- **WHAT THE EXERCISE ASKS**
This exercise calls for duplicating every entry below exactly, without the images.

- **DATA LISTING**
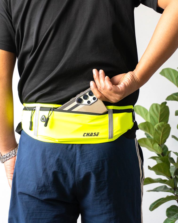 Stay light, run free. The Chase Running Belt keeps your phone, keys, and essentials secure with a slim, bounce-free fit built for runs, workouts, and everyday miles.
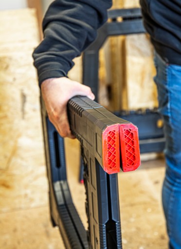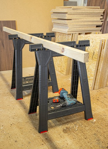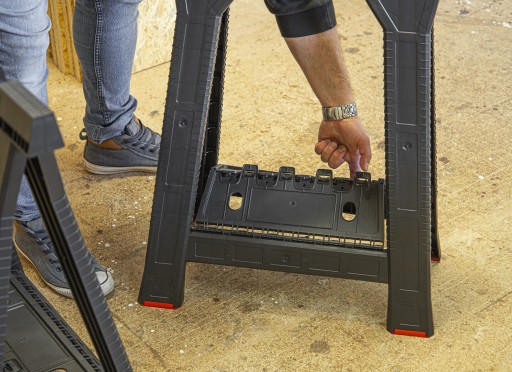Qbrick System Kobyłka Budowlana to wysokiej jakości stojak roboczy o wzmocnionej konstrukcji. Antypoślizgowe nóżki zapobiegają wibracjom i przemieszczaniu się stojaka podczas użytkowania. Dodatkowa półka między nogami zapewnia stabilizację oraz posiada dodatkowe uchwyty na narzędzia ręczne. Stojak warsztatowy zawiera funkcjonalne szczeliny stabilizujące do cięcia materiałów. Odpowiednia konstrukcja pozwola na trwałe zamocowanie ścisków stolarskich.
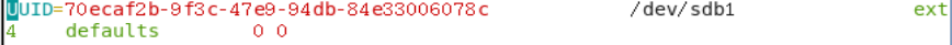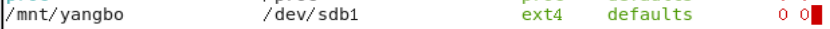 /mnt/yangbo /dev/sdb1 ext4 defalts 0 0
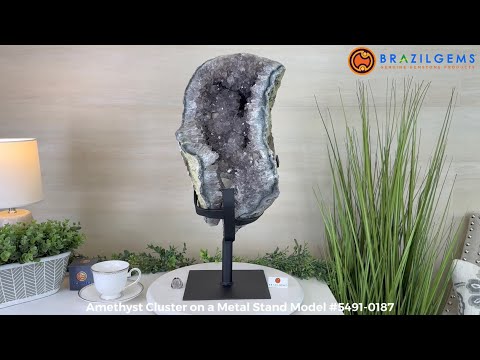 Infuse your room with the natural elegance of this Extra Quality Natural Brazilian Amethyst Cluster on a black metal base from Brazil Gems®. This gemstone has purple amethyst points with lovely agate bands along the edges. It is polished in the edges with a natural rough outer shell.
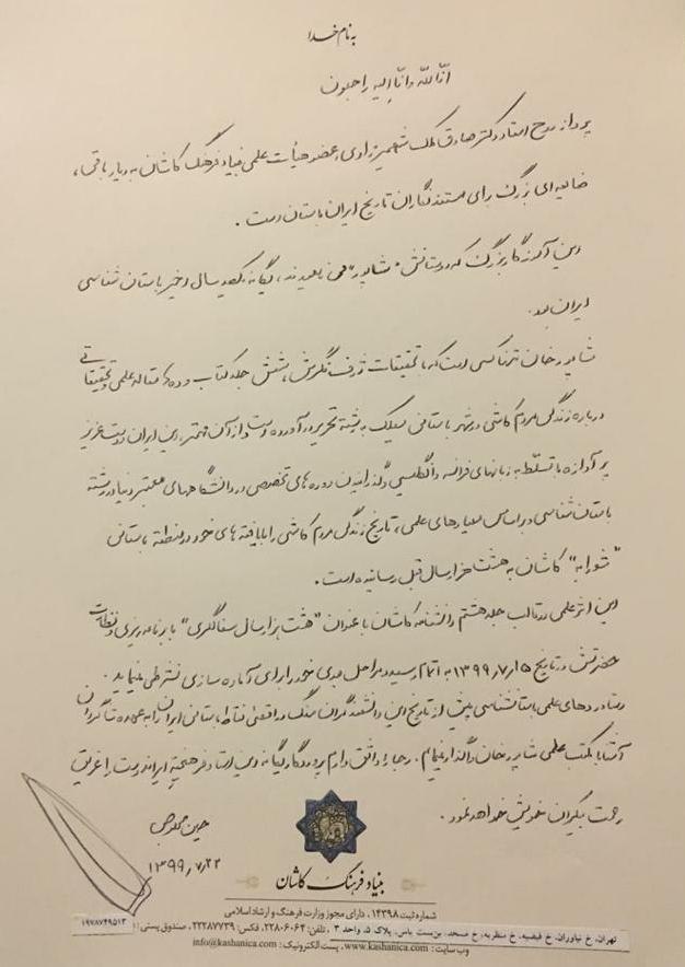 پرواز روح استاد دکتر صادق ملک شهمیرزادی عضو هیئات علمی بنیاد فرهنگ کاشان به دیار باقی ضایعه ای بزرگ برای مستندنگاران تاریخ ایران است.
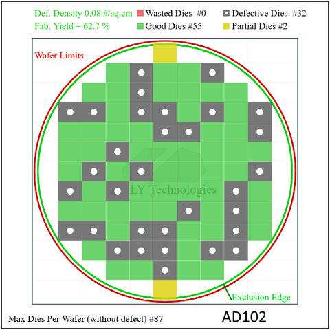 AD102: 55 / 87 hibátlan chip (62.7% yield), 32 defektív chip
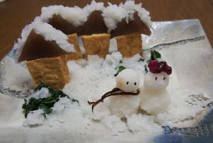 「暮らしニスタ」の大根おろしアート募集に乗っかりました。 雪景色に雪だるまです ママと僕です (男の子と女の子に作ったのですが、、、)

- **RESULT OF THIS EXERCISE**
 Stay light, run free. The Chase Running Belt keeps your phone, keys, and essentials secure with a slim, bounce-free fit built for runs, workouts, and everyday miles.
Qbrick System Kobyłka Budowlana to wysokiej jakości stojak roboczy o wzmocnionej konstrukcji. Antypoślizgowe nóżki zapobiegają wibracjom i przemieszczaniu się stojaka podczas użytkowania. Dodatkowa półka między nogami zapewnia stabilizację oraz posiada dodatkowe uchwyty na narzędzia ręczne. Stojak warsztatowy zawiera funkcjonalne szczeliny stabilizujące do cięcia materiałów. Odpowiednia konstrukcja pozwola na trwałe zamocowanie ścisków stolarskich.
 /mnt/yangbo /dev/sdb1 ext4 defalts 0 0
 Infuse your room with the natural elegance of this Extra Quality Natural Brazilian Amethyst Cluster on a black metal base from Brazil Gems®. This gemstone has purple amethyst points with lovely agate bands along the edges. It is polished in the edges with a natural rough outer shell.
 پرواز روح استاد دکتر صادق ملک شهمیرزادی عضو هیئات علمی بنیاد فرهنگ کاشان به دیار باقی ضایعه ای بزرگ برای مستندنگاران تاریخ ایران است.
 AD102: 55 / 87 hibátlan chip (62.7% yield), 32 defektív chip
 「暮らしニスタ」の大根おろしアート募集に乗っかりました。 雪景色に雪だるまです ママと僕です (男の子と女の子に作ったのですが、、、)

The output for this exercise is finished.